I’ve written a few times before about the possible effects of the current economic recession – or of any recession for that matter – on human rights. Now its seems that there’s some proof for the common notion that recessions promote anti-immigrant feelings:

Macroeconomic conditions have long been suspected of increasing hostility toward ethnic outgroups. Integrating prior work on macroeconomic threat with recent threat-based models of prejudice, the current work employs an experimental approach to examine the implications of economic threat for prejudice toward ethnic outgroups. In Study 1, participants primed with an economic threat (relative to a non-economic threat and neutral topic) reported more prejudice against Asian Americans, an ethnic group whose stereotype implies a threat to scarce employment opportunities. In addition, economic threat led to a heightened state of anxiety, which mediated the influence of economic threat on prejudice against Asian Americans. Study 2 replicated and extended these findings by demonstrating that economic threat heightened prejudice against Asian Americans, but not Black Americans, an ethnic group whose stereotype does not imply a threat to economic resources. These findings are discussed in terms of their implications for understanding the role of macroeconomic conditions in potentiating antisocial responses to particular outgroups. (source)

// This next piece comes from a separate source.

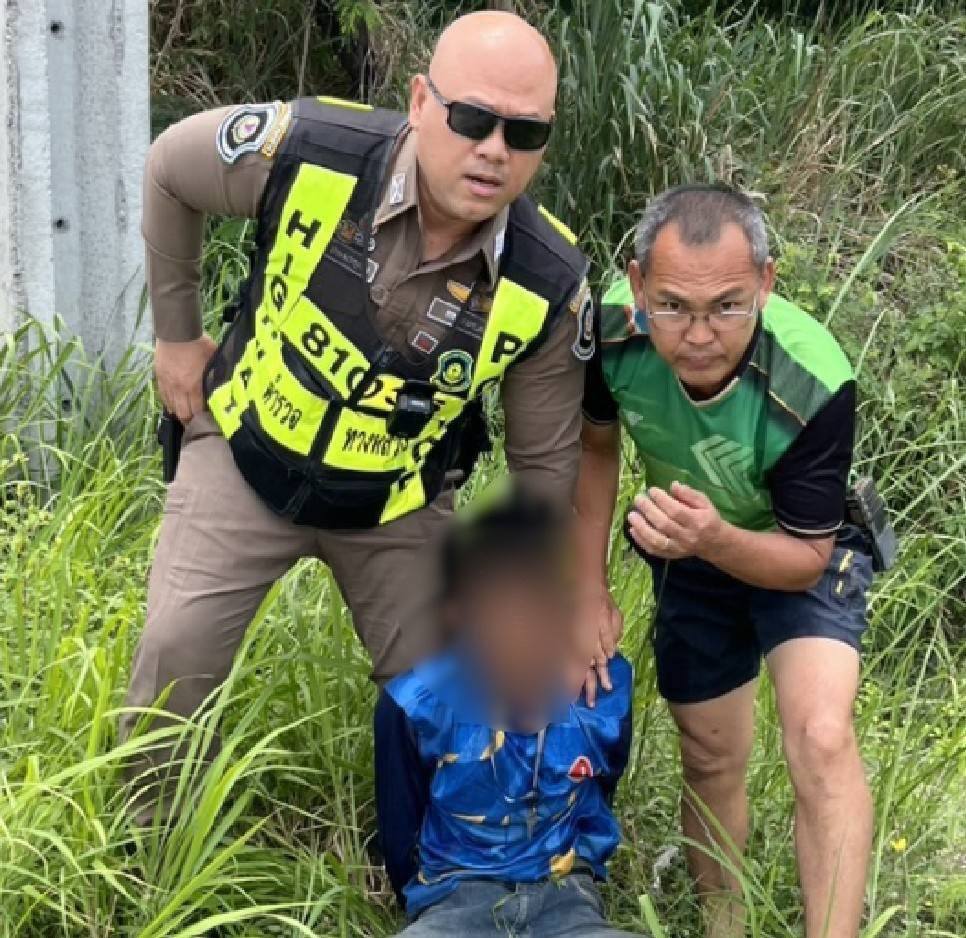 ชุดจับกุมจึงได้รีบเข้าตรวจสอบที่เกิดเหตุ ขณะถึงที่เกิดเหตุพบนายเอก(นามสมมติ) อายุ 18 ปี กำลังก่อเหตุโดยใช้มือลากและดึงสายไฟฟ้าซึ่งใช้ส่งไฟฟ้าบริเวณดังกล่าว เจ้าหน้าที่ตำรวจชุดจับกุมจึงได้แสดงตัวพร้อมทั้งได้ทำการเข้าควบคุมตัวบุคคลดังกล่าวเพื่อทำการจับกุมและตรวจค้น ขณะนั้นนายเอกฯ ได้พบเจ้าหน้าที่ตำรวจจึงได้วิ่งหลบหนีการจับกุม จนกระทั่งสามารถทำการจับกุมตัวไว้ได้บริเวณไหล่ทาง ทางหลวงพิเศษหมายเลข 7 กิโลเมตรที่ 0+500 ตำบลหนองข้างคอก อำเภอเมือง จังหวัดชลบุรี เจ้าหน้าที่ชุดจับกุมจึงได้ทำการตรวจค้น พบของกลางตามรายการดังกล่าว เจ้าหน้าที่ตำรวจชุดจับกุมจึงได้ทำการจับกุม และได้แจ้งสิทธิตามกฎหมายของผู้ต้องหาให้ทราบ

Anti-immigrant hostility as such isn’t a human rights violation, but it can lead to discrimination and even violence. In most cases, it will just make restrictions on immigration more likely, and we know that migration is an important route out of poverty for many. Hence, immigration restrictions exacerbate poverty, and that’s a human rights violation. Not to mention the right to free movement and residence.

Some data on hostility are here.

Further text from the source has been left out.